(Dataset entries)
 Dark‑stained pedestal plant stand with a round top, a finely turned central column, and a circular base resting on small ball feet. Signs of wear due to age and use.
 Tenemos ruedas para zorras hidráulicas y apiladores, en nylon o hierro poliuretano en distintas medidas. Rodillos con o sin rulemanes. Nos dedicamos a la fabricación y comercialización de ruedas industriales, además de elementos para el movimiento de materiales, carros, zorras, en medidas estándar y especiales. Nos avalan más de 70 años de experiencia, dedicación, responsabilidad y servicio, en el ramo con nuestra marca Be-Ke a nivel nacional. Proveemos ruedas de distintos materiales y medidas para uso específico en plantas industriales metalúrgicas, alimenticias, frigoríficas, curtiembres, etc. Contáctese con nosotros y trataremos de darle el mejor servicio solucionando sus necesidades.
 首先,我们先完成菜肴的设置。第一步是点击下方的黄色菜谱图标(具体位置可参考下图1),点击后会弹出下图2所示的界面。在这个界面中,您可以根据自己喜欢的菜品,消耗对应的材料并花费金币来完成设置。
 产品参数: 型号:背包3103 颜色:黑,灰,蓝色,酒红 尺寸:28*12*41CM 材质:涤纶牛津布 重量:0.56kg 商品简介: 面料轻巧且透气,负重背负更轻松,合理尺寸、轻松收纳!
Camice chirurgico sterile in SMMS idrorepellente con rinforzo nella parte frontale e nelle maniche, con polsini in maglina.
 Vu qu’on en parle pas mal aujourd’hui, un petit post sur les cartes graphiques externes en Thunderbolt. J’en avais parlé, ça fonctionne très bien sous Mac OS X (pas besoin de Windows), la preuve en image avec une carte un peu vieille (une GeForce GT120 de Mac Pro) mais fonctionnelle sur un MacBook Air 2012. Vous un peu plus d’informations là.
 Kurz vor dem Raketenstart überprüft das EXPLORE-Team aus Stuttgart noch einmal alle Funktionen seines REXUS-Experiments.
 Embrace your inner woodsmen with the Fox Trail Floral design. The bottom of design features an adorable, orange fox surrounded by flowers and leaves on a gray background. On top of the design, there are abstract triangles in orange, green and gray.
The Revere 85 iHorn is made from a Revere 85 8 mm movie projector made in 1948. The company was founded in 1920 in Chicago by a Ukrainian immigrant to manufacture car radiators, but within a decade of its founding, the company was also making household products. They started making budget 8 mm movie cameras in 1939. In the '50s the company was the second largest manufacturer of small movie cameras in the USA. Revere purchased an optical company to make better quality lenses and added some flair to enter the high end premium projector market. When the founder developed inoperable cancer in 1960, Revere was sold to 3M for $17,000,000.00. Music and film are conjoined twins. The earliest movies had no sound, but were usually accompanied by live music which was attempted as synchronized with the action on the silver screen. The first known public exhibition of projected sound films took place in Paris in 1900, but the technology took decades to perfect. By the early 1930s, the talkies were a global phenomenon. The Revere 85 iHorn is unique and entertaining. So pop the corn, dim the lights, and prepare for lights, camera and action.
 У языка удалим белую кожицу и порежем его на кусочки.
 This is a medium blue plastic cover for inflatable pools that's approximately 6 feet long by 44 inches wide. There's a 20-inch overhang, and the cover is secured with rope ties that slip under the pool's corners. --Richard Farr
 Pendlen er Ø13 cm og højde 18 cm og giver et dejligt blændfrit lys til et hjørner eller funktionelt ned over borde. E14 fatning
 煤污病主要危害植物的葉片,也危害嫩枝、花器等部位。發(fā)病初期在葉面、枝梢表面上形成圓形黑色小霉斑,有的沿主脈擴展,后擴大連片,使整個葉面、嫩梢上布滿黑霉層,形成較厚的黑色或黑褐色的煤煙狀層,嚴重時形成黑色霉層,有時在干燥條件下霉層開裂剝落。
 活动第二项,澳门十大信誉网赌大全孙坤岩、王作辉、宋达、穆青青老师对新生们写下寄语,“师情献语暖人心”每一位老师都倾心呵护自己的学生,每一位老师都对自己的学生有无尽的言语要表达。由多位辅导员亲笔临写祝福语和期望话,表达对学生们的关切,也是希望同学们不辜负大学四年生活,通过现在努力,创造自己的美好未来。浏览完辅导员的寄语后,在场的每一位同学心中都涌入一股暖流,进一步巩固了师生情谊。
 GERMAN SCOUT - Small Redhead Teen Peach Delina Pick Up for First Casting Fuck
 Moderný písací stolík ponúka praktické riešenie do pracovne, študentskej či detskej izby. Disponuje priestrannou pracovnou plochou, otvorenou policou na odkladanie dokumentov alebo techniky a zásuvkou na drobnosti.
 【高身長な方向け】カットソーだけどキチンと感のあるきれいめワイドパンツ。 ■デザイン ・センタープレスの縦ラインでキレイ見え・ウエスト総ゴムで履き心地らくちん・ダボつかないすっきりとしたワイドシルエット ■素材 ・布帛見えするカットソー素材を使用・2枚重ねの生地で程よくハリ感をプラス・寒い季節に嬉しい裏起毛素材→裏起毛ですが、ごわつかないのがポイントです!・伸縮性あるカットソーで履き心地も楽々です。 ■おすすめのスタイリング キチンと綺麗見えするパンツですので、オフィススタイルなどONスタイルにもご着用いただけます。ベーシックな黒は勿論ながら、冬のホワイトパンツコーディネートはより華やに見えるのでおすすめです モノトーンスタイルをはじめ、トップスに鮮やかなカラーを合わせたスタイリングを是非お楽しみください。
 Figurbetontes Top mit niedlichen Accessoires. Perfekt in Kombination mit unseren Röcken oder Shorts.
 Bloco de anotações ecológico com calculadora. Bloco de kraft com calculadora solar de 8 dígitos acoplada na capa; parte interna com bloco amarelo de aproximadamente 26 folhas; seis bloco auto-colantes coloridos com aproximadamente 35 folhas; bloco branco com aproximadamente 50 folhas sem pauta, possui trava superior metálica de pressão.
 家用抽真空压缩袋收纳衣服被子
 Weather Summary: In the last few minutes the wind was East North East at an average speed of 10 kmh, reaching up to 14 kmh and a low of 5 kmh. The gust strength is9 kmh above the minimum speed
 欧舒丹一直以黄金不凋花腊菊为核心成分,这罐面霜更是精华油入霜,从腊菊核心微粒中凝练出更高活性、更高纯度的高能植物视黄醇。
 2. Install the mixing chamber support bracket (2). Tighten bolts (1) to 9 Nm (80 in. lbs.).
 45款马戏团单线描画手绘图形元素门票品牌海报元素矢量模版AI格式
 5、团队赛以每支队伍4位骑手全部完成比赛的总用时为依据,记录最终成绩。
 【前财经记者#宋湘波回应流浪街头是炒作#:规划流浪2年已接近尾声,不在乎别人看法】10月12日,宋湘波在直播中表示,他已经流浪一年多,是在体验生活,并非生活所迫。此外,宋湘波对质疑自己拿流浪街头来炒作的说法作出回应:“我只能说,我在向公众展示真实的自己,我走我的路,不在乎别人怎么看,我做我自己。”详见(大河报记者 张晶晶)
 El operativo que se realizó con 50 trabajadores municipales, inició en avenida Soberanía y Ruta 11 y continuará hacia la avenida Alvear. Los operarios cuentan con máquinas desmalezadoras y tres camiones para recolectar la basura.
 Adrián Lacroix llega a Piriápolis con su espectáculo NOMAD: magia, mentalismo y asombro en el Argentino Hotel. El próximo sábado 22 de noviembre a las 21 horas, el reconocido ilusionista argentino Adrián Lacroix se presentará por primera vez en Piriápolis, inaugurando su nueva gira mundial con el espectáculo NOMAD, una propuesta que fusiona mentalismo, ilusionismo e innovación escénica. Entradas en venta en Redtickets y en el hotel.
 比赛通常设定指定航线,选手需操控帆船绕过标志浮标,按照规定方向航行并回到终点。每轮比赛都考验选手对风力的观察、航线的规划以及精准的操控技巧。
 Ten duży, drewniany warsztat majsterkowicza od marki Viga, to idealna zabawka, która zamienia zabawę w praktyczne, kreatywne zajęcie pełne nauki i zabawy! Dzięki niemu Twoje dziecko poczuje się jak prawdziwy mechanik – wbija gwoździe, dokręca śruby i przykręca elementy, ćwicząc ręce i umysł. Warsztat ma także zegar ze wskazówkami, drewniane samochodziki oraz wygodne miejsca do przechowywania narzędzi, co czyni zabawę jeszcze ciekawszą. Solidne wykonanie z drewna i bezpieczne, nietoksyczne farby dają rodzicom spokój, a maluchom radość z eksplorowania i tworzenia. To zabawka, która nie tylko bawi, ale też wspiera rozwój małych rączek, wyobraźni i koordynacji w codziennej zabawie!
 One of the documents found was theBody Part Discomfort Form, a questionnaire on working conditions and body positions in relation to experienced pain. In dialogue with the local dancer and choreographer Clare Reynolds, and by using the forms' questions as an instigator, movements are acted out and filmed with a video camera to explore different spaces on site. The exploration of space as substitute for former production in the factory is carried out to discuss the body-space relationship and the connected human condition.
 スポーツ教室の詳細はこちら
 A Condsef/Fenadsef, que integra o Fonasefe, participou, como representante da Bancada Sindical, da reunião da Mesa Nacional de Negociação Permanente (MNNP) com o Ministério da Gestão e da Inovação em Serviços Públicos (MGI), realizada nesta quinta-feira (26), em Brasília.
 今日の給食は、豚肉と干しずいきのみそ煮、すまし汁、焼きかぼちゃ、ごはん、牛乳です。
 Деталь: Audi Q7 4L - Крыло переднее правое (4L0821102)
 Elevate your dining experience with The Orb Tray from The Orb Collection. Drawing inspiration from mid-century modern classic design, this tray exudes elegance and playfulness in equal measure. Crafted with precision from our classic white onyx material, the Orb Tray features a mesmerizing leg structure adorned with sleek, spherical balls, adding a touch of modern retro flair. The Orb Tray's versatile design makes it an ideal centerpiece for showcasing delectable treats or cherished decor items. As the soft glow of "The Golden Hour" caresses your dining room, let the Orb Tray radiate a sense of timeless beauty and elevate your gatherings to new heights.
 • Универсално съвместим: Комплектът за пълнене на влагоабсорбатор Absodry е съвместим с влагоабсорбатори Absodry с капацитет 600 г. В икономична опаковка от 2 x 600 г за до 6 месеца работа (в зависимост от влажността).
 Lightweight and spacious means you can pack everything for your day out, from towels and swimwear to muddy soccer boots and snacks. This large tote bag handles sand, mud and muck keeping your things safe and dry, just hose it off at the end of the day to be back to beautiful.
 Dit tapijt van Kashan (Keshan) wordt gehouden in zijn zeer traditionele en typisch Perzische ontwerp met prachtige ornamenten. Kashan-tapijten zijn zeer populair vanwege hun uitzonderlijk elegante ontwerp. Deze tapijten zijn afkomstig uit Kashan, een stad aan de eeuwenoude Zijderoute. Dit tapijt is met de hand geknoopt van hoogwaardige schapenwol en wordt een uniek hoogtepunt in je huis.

• [PROBLEM STATEMENT] If a line falls between the first line of the entries and the line containing "Camice chirurgico sterile", or is one of those two, restate it word for word; leave all other lines out.

• [RESULT BELOW]
 Dark‑stained pedestal plant stand with a round top, a finely turned central column, and a circular base resting on small ball feet. Signs of wear due to age and use.
 Tenemos ruedas para zorras hidráulicas y apiladores, en nylon o hierro poliuretano en distintas medidas. Rodillos con o sin rulemanes. Nos dedicamos a la fabricación y comercialización de ruedas industriales, además de elementos para el movimiento de materiales, carros, zorras, en medidas estándar y especiales. Nos avalan más de 70 años de experiencia, dedicación, responsabilidad y servicio, en el ramo con nuestra marca Be-Ke a nivel nacional. Proveemos ruedas de distintos materiales y medidas para uso específico en plantas industriales metalúrgicas, alimenticias, frigoríficas, curtiembres, etc. Contáctese con nosotros y trataremos de darle el mejor servicio solucionando sus necesidades.
 首先,我们先完成菜肴的设置。第一步是点击下方的黄色菜谱图标(具体位置可参考下图1),点击后会弹出下图2所示的界面。在这个界面中,您可以根据自己喜欢的菜品,消耗对应的材料并花费金币来完成设置。
 产品参数: 型号:背包3103 颜色:黑,灰,蓝色,酒红 尺寸:28*12*41CM 材质:涤纶牛津布 重量:0.56kg 商品简介: 面料轻巧且透气,负重背负更轻松,合理尺寸、轻松收纳!
Camice chirurgico sterile in SMMS idrorepellente con rinforzo nella parte frontale e nelle maniche, con polsini in maglina.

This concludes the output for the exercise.